Extasy

Amours braques

 
 
Murakami Ryû trouve une idée excentrique à chaque page. Et plus il malmène le lecteur, plus celui-ci veut suivre le parcours des personnages, aussi sombres soient-ils. Et c’est là que réside le génie de l’auteur des Bébés de la consigne automatique. Un génie plus ostensible encore dans son dernier opus Ecstasy qui semble être une mise en abyme du rapport lecteur/écrivain.
Entre New York et Tokyo, Miyashita, un jeune assistant réalisateur, va se laisser enliser dans le jeu pervers d’un trio malsain qui fonctionne sous les effets baroques
de l’ecstasy, de la cocaïne et autres hallucinogènes.
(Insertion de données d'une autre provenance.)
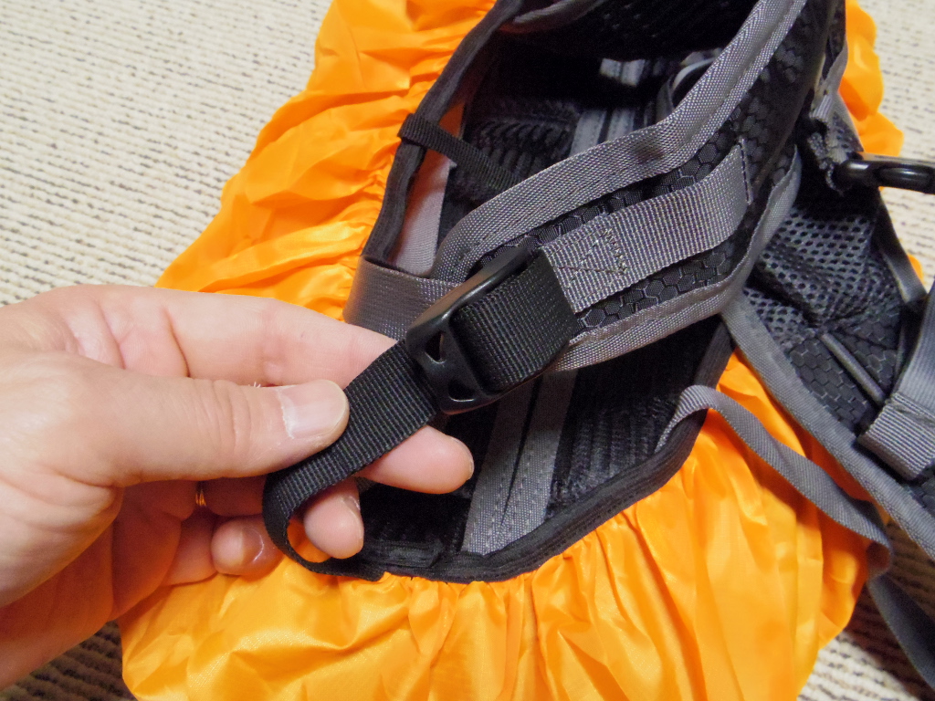 レインカバーは分離型ですが、脱落防止用のストラップがレインカバーに縫い付けられていて...。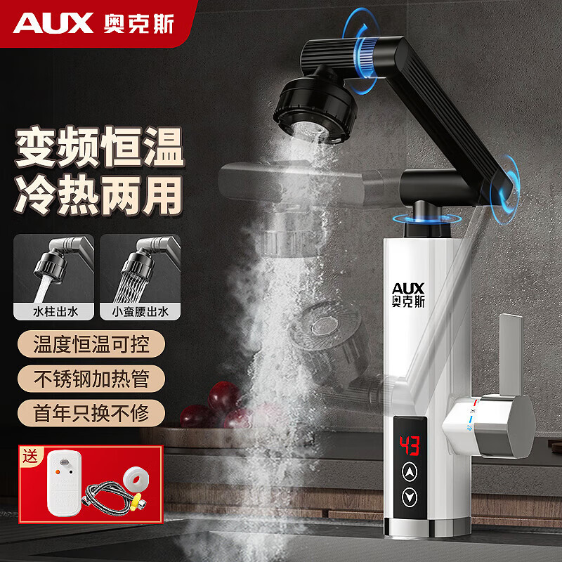 奥克斯(AUX)电热水龙头热水器加热水龙头快速热水变频恒温厨房下进水 【变频恒温】雪山白+升级机械臂+漏保插头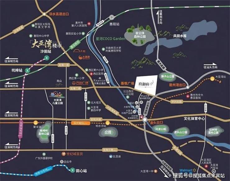 大亚湾紧邻深圳坪山,是深圳东进战略直接辐射受益区。玖御府项目南侧紧邻大亚湾主干道龙海二路,周边临近大亚湾大动脉-大亚湾大道,距离惠阳站仅12分钟,乘坐高铁1小时直达香港西九龙。距惠深沿海高速澳口收费站仅1.8公里。约30分钟可达深圳龙岗中心城,约50分钟可达深圳罗湖福田,约40分钟可达惠州机场。距深圳地铁14号线沙田站10公里,起点沙田站到终点福田岗厦北全长只需要50分钟。畅享三城生活,实现深港惠捷运化便捷生活。

Ils ingurgitent ces substances dans le but de décupler leur libido en brisant toutes formes d’inhibitions. Maîtresse sadique, maître dominateur, SDF millionnaire et amantes soumises… Des rendez-vous chics dans des palaces new-yorkais, du champagne qui coule à flot et… S’amuser à dominer les victimes, jeunes lolitas de bonne famille que l’on démolit pour la jouissance. Miyashita goûte l’ecstasy pour la première fois et accède à des horizons qui lui étaient inconnus, il devient le jouet de Keiko, créature improbable, tout droit sortie d’un film de David Lynch. L’ombre de Sacher-Masoch plane comme un fantôme pendant que la chair se tort, se liquéfie. Parfois même, le sang jaillit. Et Murakami Ryû contrôle le lecteur par son style et ses images sans concessions. Car l’auteur, comme à son habitude, ne cherche pas à nous ménager. Le chef de file de la nouvelle littérature japonaise nous prend par la main pour nous mener dans son univers braque où déviances et chemins escarpés, déglingues et excentricités hallucinantes sont au rendez-vous d’un roman qui laisse un goût étrange tant il nous renvoie les images de nos doubles démoniaques.
 
© Corinne Bernard
 
L’extrait :
” L’existence du masochiste est tranquille. Il lui suffit de vivre comme un esclave, comme un nourrisson, de renoncer à tout, les vêtements pour se couvrir, son nom, l’intelligence des choses, sa liberté de mouvements. L’homme était couché en position fœtale dans un coin du canapé style Victoria, dans la suite Ambassador de l’hôtel Plaza. Les premiers rayons du soleil commençaient à poindre. Il était dans un état de tension folle. Il avait largement dépassé la dose limite, un état que seules les personnes qui en ont fait l’expérience peuvent comprendre. Un état qui surpasse en tout le blues de la descente après une prise de LSD.”

Ecstasy, Murakami Ryû, éd. Philippe Picquier, 304 p., 18,50 euros.

Paru en Poche,

Monstre humain

Kenji gagne sa vie en guidant les touristes à travers les bars louches des quartiers chauds de Tokyo. Il rencontre Frank, un américain peu ordinaire, qu’il devra conduire dans les lieux les plus glauques de la ville. Kenji va passer trois nuits en compagnie d’un psychopathe sans limites. Avec Miso soup, Murakami Ryû écrit l’indicible et s’arrange pour que le lecteur soit ému par Frank, homme effroyable, pauvre hère, produit conforme d’un monde en putréfaction. A noter, le roman paru en 1997 comporte une scène de carnage à faire pâlir Bret Easton Ellis et James Ellroy…
 

Miso soup, Murakami Ryû, éd. Picquier Poche, 287 p., 7 euros.